Finding FSL Debug Info

From Center for Cognitive Neuroscience
Jump to navigation Jump to search

Gathering Required Debug Info for FSL

Many times you may submit a job and it fails. Due to the nature of a Cluster Job, often the most important information is not right on the screen. But once you understand the mystery of where this info is stored, it's simple to find. More importantly, often times the error is obvious. Such as "Could not find file XYZ". Even if the file is nothing but greek, including this information is essential to anyone attempting to help you.

Finding the Cluster Logs

FSL <= 3.x

For FSL <= 3.x, the logs are stored in /Volumes/local/tmp/error and /Volumes/local/tmp/output. The log for your job submission is uniquely identified by it's job id. The job id is displayed after you execute feat or can be found via the qstat utility.

You'll find that there are many, many log files found there. The easiest way to only list your files are by executing the following command:

$ find /Volumes/local/tmp/ -name "*5116*"

Where 5116 is your unique job id.

FSL >= 4.x

For these versions of fsl, all the logs are kept in the logs directories of the .feat/.gfeat projects. If your project was named my_nobel.feat, you would find the logs at my_nobel.feat/logs. If the project contains cope directories, each of these will also have a log directory.

Occasionally, logs are found in the top level of the .feat/.gfeat directories. However, the fsl folks were very clever and usually named these with the words "report" or "log" within them.
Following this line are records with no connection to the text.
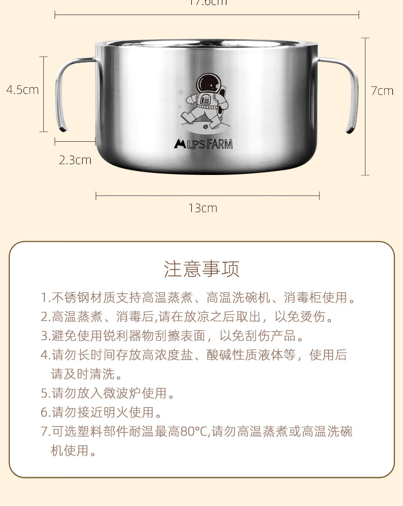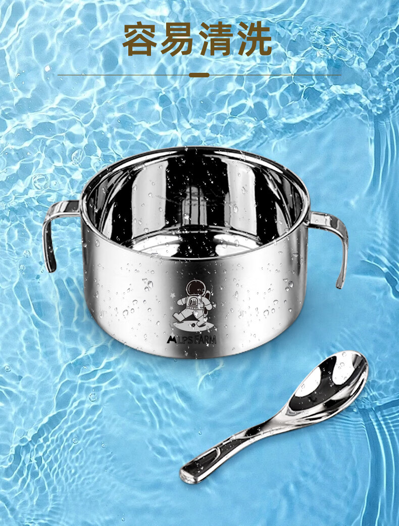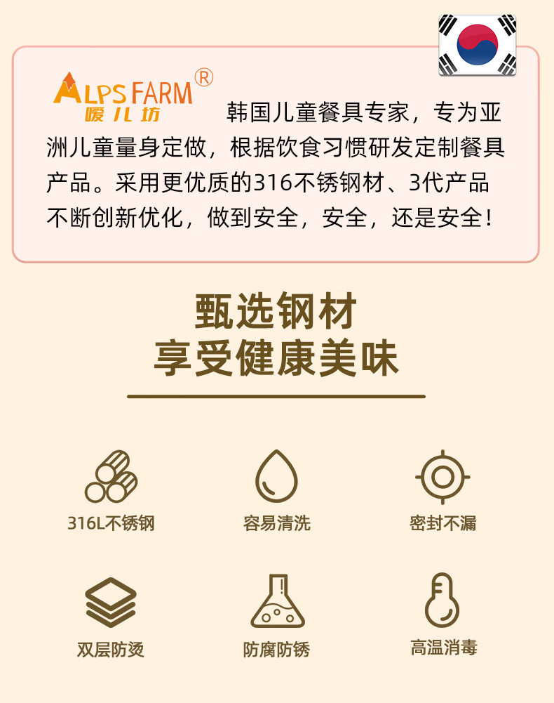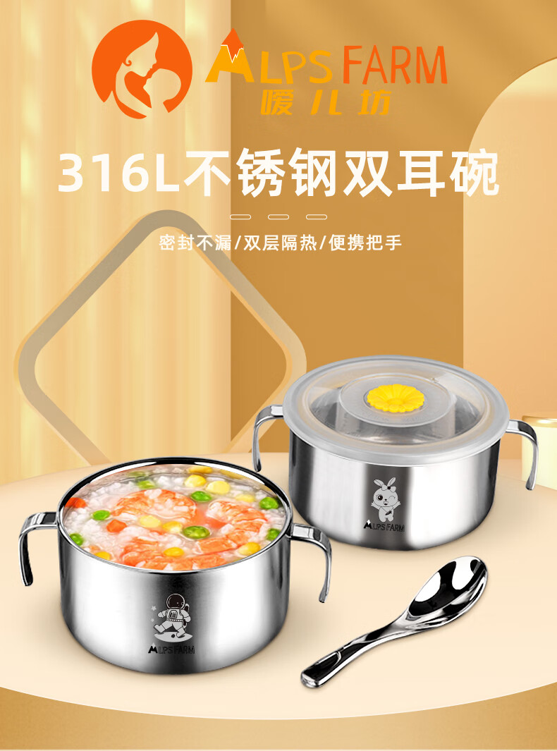 嗳儿坊韩国ALPSFARM小学生316不锈钢双层防烫双耳碗密封汤碗儿童吃饭碗 12生肖图案下单备注生肖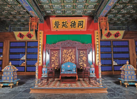 “多福軒”此匾為咸豐皇帝所題。意為幸福很多的殿堂。殿內(nèi)正中懸掛“同德延禧”匾額,意在告誡主人:你與皇帝同德才能延禧(禧:吉祥如意、福壽綿長(zhǎng))。殿內(nèi)四壁靠近天花板的地方皆懸掛福壽字匾,這些福壽字均寫于紅色方紙之上(即“斗方”)呈梭形擺放,一福一壽成對(duì)制成匾額。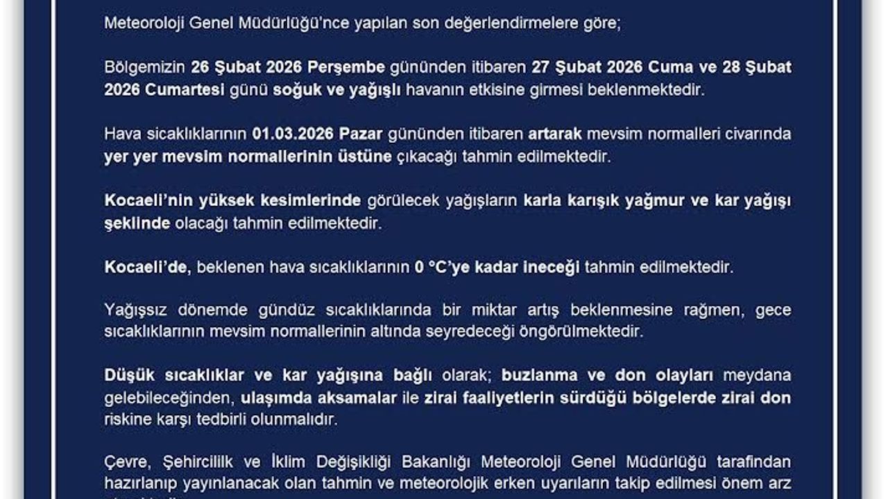 Meteoroloji Genel Müdürlüğü’nün açıklamasına göre, Kocaeli ve çevresi 26 Şubat Perşembe gününden itibaren soğuk ve yağışlı havanın etkisi altına girecek. 27 Şubat Cuma ve 28 Şubat Cumartesi günlerinde yağışların devam etmesi bekleniyor. Özellikle yüksek kesimlerde yağışların karla karışık yağmur ve kar şeklinde olacağı tahmin ediliyor.
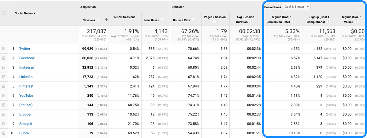 (Our report is showing $0 as we have been using another tool, Looker, instead of Google Analytics, to track revenue from social.)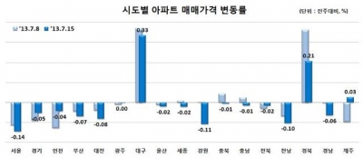 시도별로는 △서울(-0.14%), △강원(-0.11%) △전남(-0.10%) △대전(-0.08%) △부산(-0.07%) △경남(-0.06%) 등의 순으로 가격 하락을 주도했다.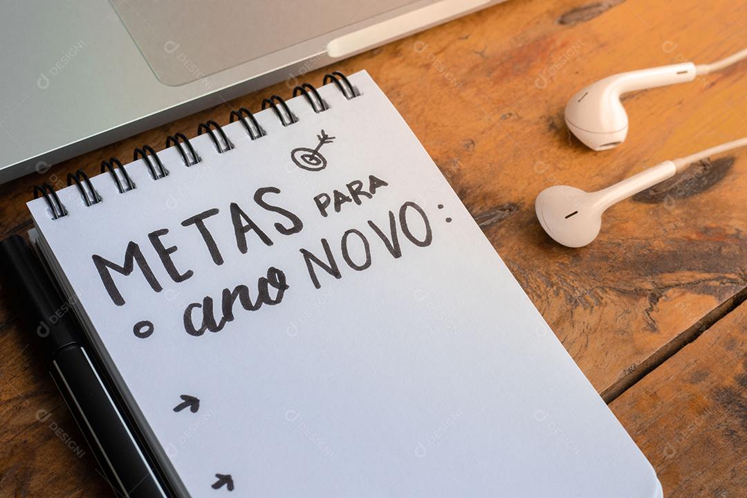Metas para o Ano Novo Bloco de Notas Sobre um Laptop na Mesa de Madeira JPG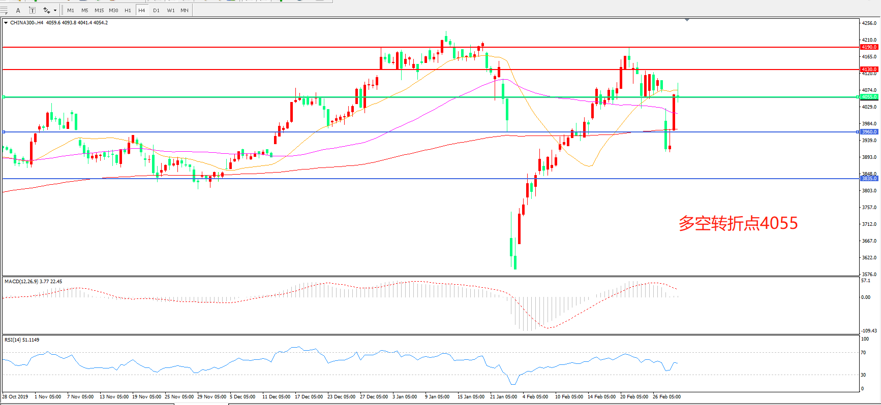 多空转折点:4055.00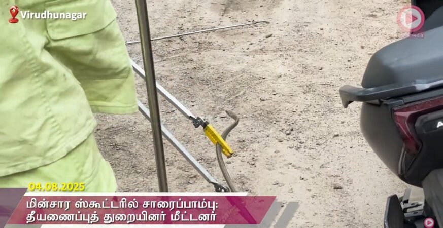 Yesterday evening, when a man from Professor Colony went to pick up his electric scooter, a snake peeked out. Then it went inside the front of the electric scooter and hid. He immediately informed the Virudhunagar Fire and Rescue Services Station.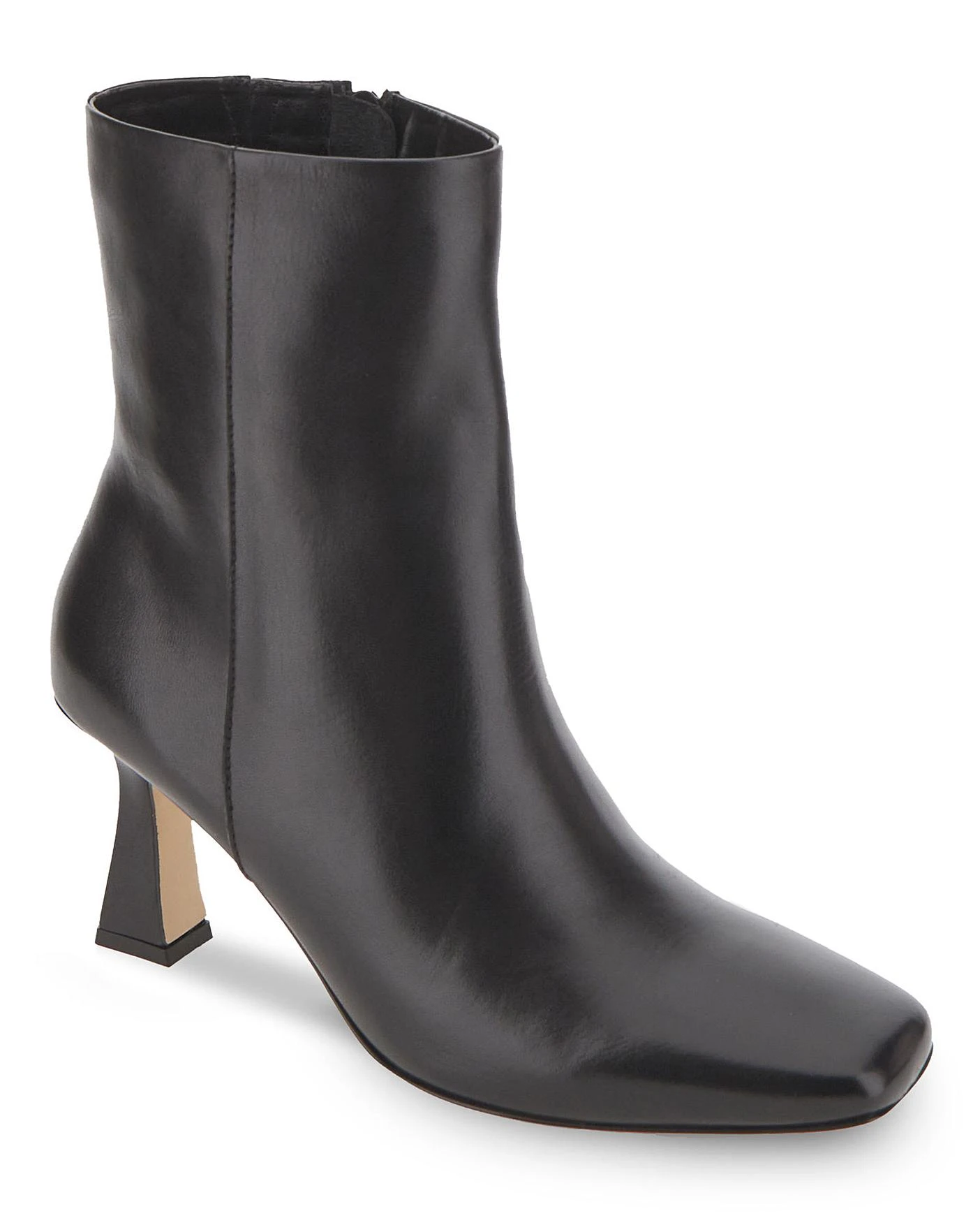 A contemporary style with stylish details this square toe boot is crafted in premium leather and finished with a subtle flared heel. Wear with straight leg jeans or a midi dress for a modern look.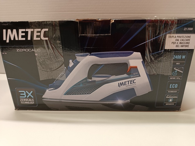 Ecost prekė po grąžinimo, Imetec ZeroCalc Z3 3500 garų lygintuvas su Anticalcare technologija, 2400 W nerūdijančio plieno plokštele su keliomis skylutėmis, garų pliūpsniu 150 g, Calc-Clean funkcija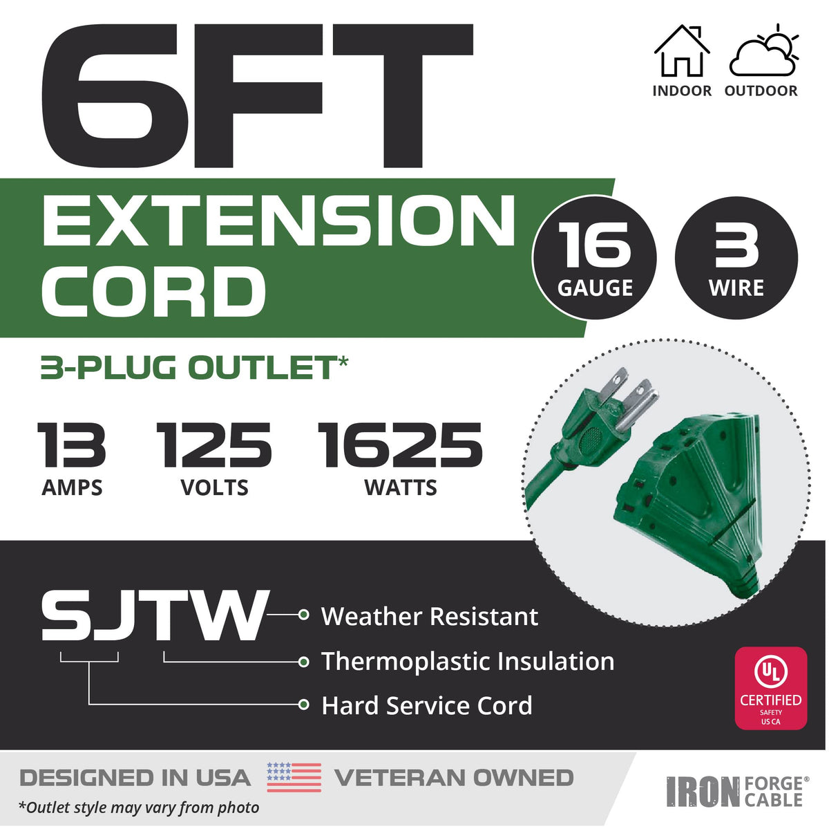 Blends Into Landscaping - This Dark Green Outdoor Extension Cord 6 Foot Blends Perfectly Into Your Exterior Landscape And Is Designed For Outdoor Use. Great For Outdoor Light Decorations, As Well As Household Appliance, Leaf Blower, Lawnmower, Landscaping, Gardening, And Much More. Perfect For Powering Multiple Devices At Once.3 Outlets In 1: This Outdoor 3 Way Outlet Extension Cord 6Ft Allows You To Simultaneously Power Multiple Tools Or Devices. Perfect For Safely Powering Multiple Indoor & Outdoor Lights Decoration.Weatherproof & Heavy Duty: This 100Green Extension Cord For Outside Is Weatherproof With A Durable Vinyl Jacket That Protects Cord Against Water, Snow, Sunlight, Corrosion, & Bending, Remaining Tangle-Free. Reinforced Blades: The Nickel-Coated Protects Prongs From Bending Or Breaking, And Help Secure The Plug Firmly In Place. This Ensures That The Cord Functions Well, Stays In Place, And Remains In Good Condition, And Helps This Cord Last You For Years.Ul Certified - 16 Gauge/16 Awg Extension Cord, 3 Outlet Pigtail, 3 Wire Grounded Plug, 6 Foot, 13 Amp, 125 Volt, 1625 Watt. Temperature Range: -40?F To +140?F.100% Satisfaction Guaranteed: Us Veteran Owned - Iron Forge Cable, A U.S. Veteran-Owned Business, Stands Behind Its Extension Cords. If Any Issues Arise, A Replacement Will Be Given.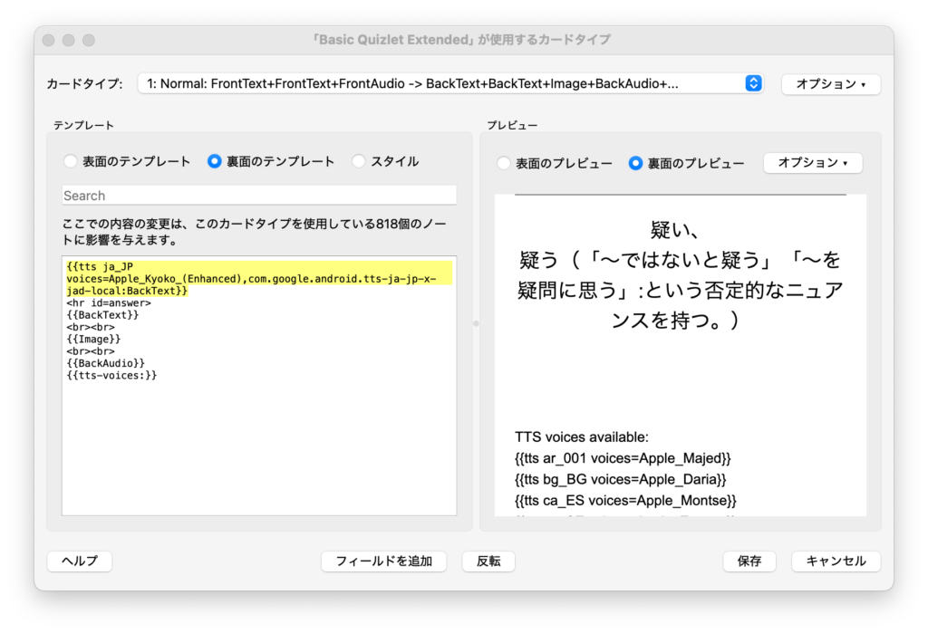 裏面のテンプレートには日本語を使用しています。日本語用TTSとしては、Mac用にはApple_Kyoko_(Enhanced)、Androidにはcom.google.android.tts-ja-jp-x-jad-localを使用しました。次のように行を追加してください。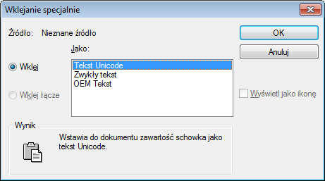 Wstawia obrazek ikony aplikacji zamiast danych. Aby zobaczyć lub zmodyfikować dane, należy dwukrotnie kliknąć ikonę.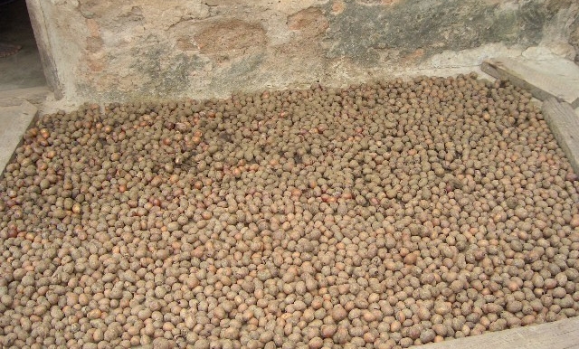 Raw sheanuts are left to dry in the sun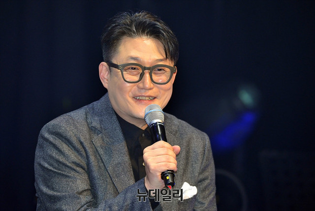 가수 김현철이 20일 오전 서울 중구 CKL스테이지에서 열린 정규 10집 앨범 '돛' 발매 기념 음악감상회에서 앨범 소개를 하고 있다.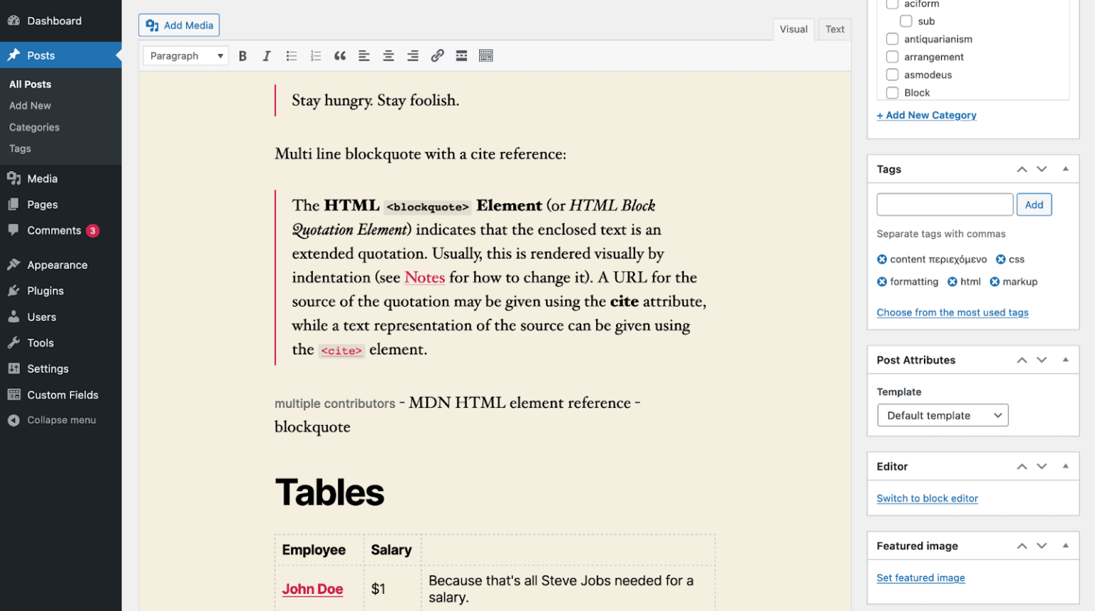 Berbagai Contoh Wordpress Editor

For example, report.html or report_log.html.

All Versions

There are two extremely important tools that can be used to find elusive debug information.

The first is grep. grep can often be used to dig out useful information. Two of the most appropriate grep commands would be

  • grep -ir "error" myproject.feat
  • grep -ir "warn" myproject.feat

The -i switch means "case insensitive" and the -r switch means "search through the directory and all subdirectories".

If this fails, open up the log files and read them. Not just the HTML files, but the text files as well. You don't have to read every line, just scan the page for any oddities, warnings, or error type entries.

The second tool is "qstat" and friends. The 'q' utilities provide the ability to get detailed information about your cluster jobs. To see a list of all 'q' utilities, just type 'q' in the terminal and hit <TAB>. There are quite a few, but we'll focus on qstat.

Every cluster job has a jobid. Once you've run feat, type:

$ qstat

In terminal to get a list of queued up jobs. You'll see some with your name under the "user" column. The first column is the "Job-ID" column. By typing:

$ qstat -j <jobid>

Where jobid is the number you saw in the qstat list. This provides very detailed information about the job including any errors. Read over it and look for something meaningful. One of the most common I see is "chdir failed: /Volumes/Songbook1/data/somelab/someuser/foo does not exist", usually indicating a typo in your design.fsf file.

qstat is a very powerful utility, for more information see:

man qstat

Further, in the feat/gfeat log files we spoke of above, each submitted job is followed by a jobid which can be used to uncover more debugging information with qstat.

Why?

This data is excellent information to include in any requests for assistance. In fact, anyone you ask for help will usually respond without hesitation "Can I see your logs?". By preemptively supplying them, you eliminate one round of the support cycle.